## Work instruction
What is needed here is an exact printout of the data, with no pictures included.

## Given information

▼▼▼

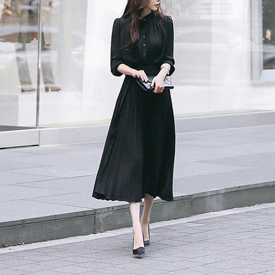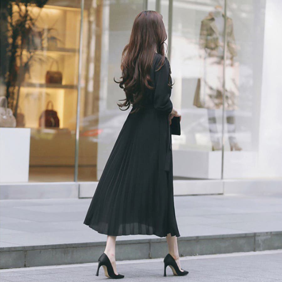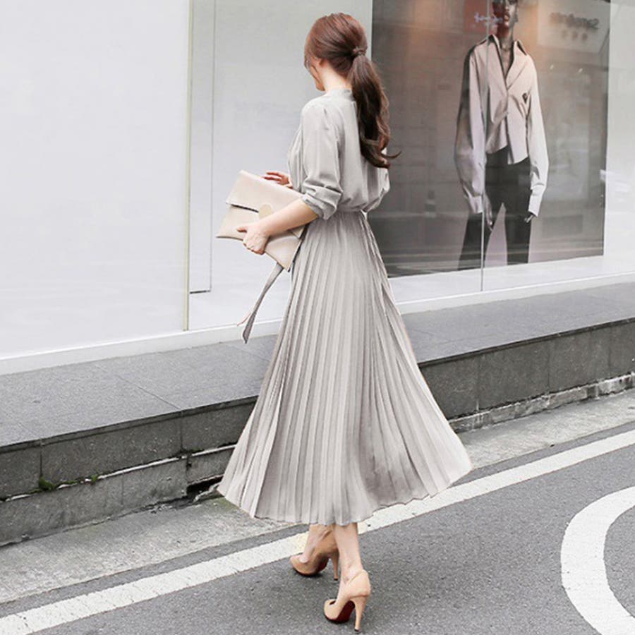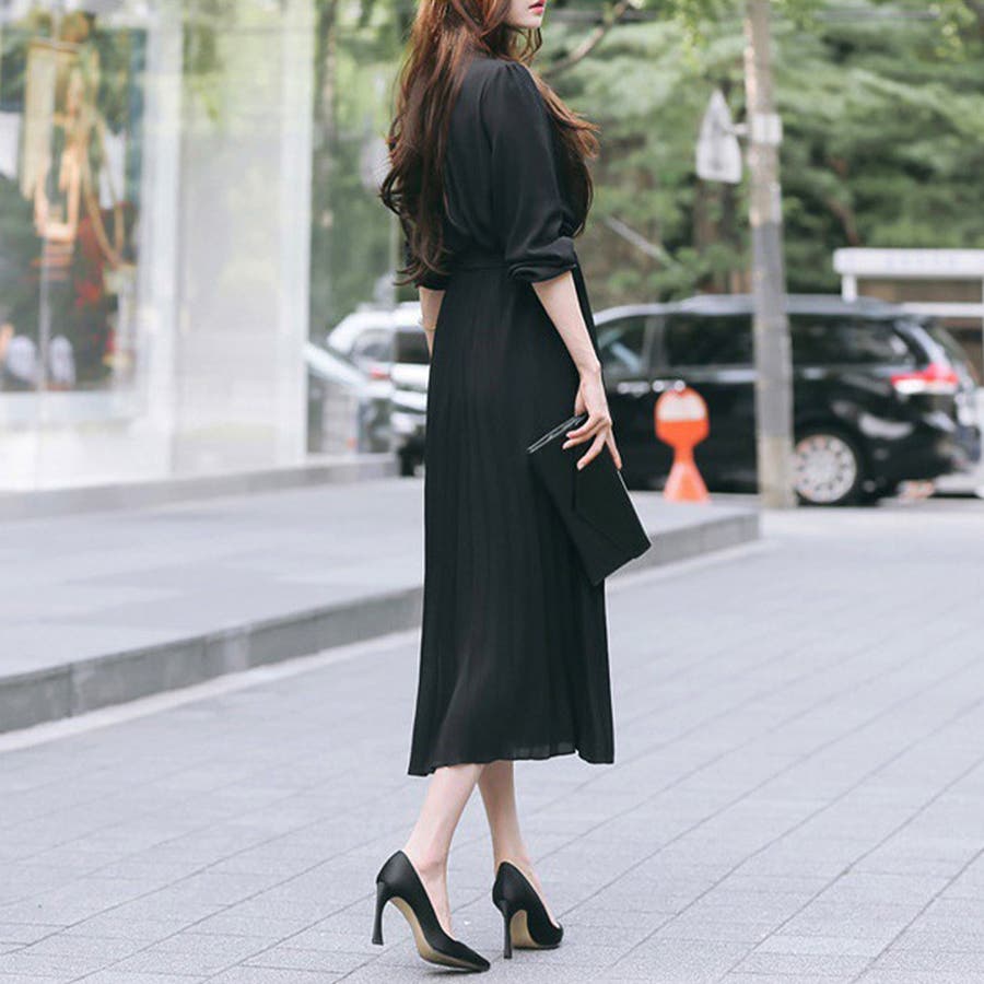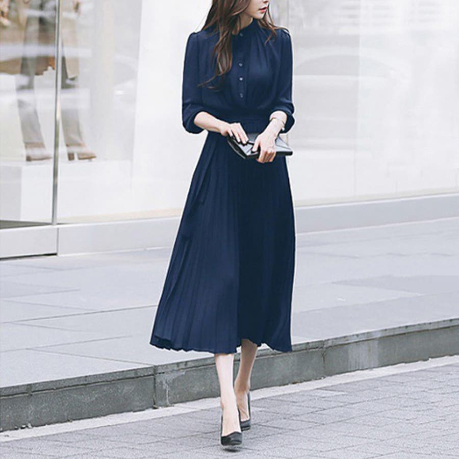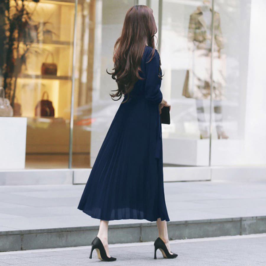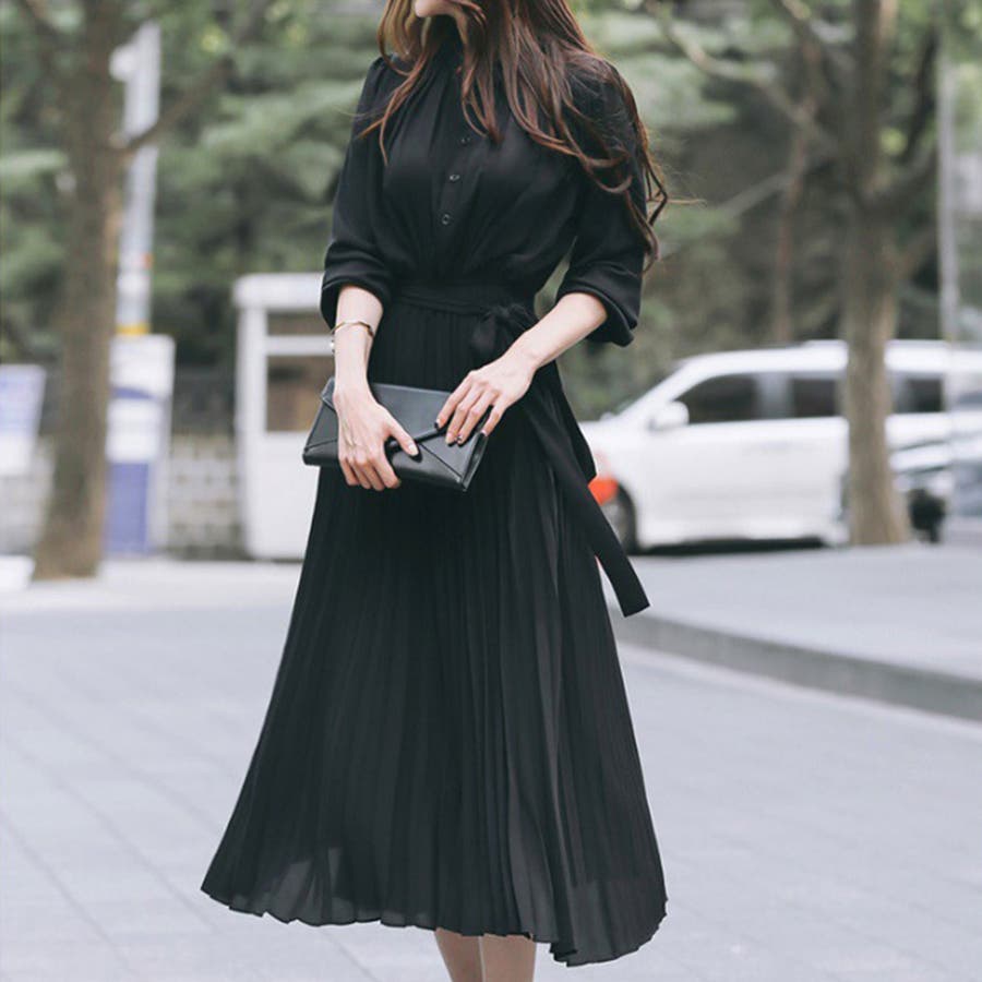 プリーツワンピース ワンピース 結婚式 パーティードレス 韓国ファッション 韓国 セクシー オフィスカジュアル オフィス 大人 ウエストマーク
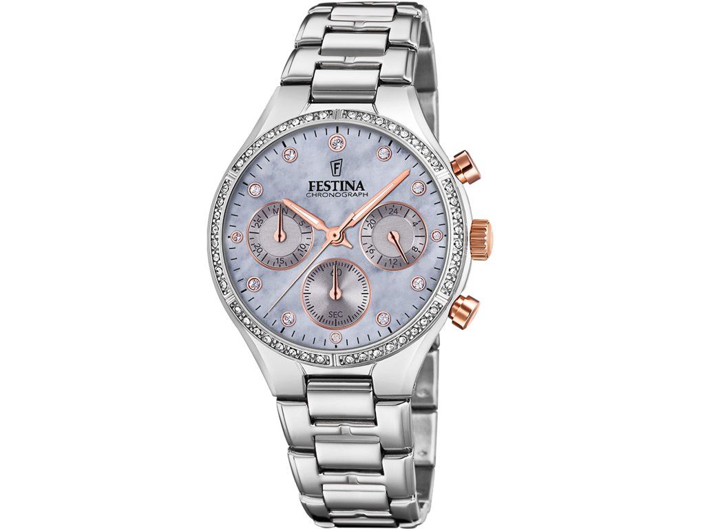 Dámske hodinky Festina F20401/3 sú elegantným spoločníkom z modelového radu Boyfriend chronograph 36mm. Ideálna voľba, ak hľadáte hodinky s elegantným a zároveň moderným vzhľadom.Srdcom týchto hodiniek je Quartz (batériový) strojček, ktorý, ako je u hodiniek Festina zvykom, zaručuje presné meranie času.
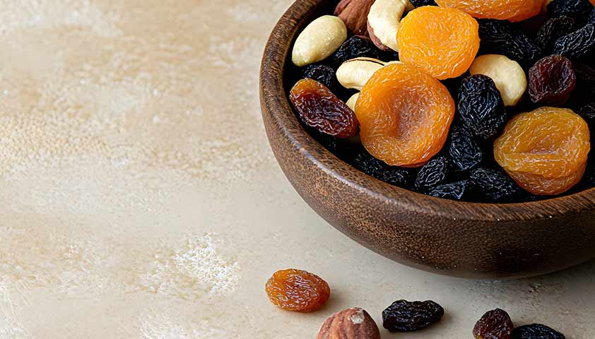 Курага и изюм содержат особенно много калия — до 1 700 мг на 100 г, но они очень калорийные

▲▲▲

## Answer section
 プリーツワンピース ワンピース 結婚式 パーティードレス 韓国ファッション 韓国 セクシー オフィスカジュアル オフィス 大人 ウエストマーク
 Dámske hodinky Festina F20401/3 sú elegantným spoločníkom z modelového radu Boyfriend chronograph 36mm. Ideálna voľba, ak hľadáte hodinky s elegantným a zároveň moderným vzhľadom.Srdcom týchto hodiniek je Quartz (batériový) strojček, ktorý, ako je u hodiniek Festina zvykom, zaručuje presné meranie času.
 Курага и изюм содержат особенно много калия — до 1 700 мг на 100 г, но они очень калорийные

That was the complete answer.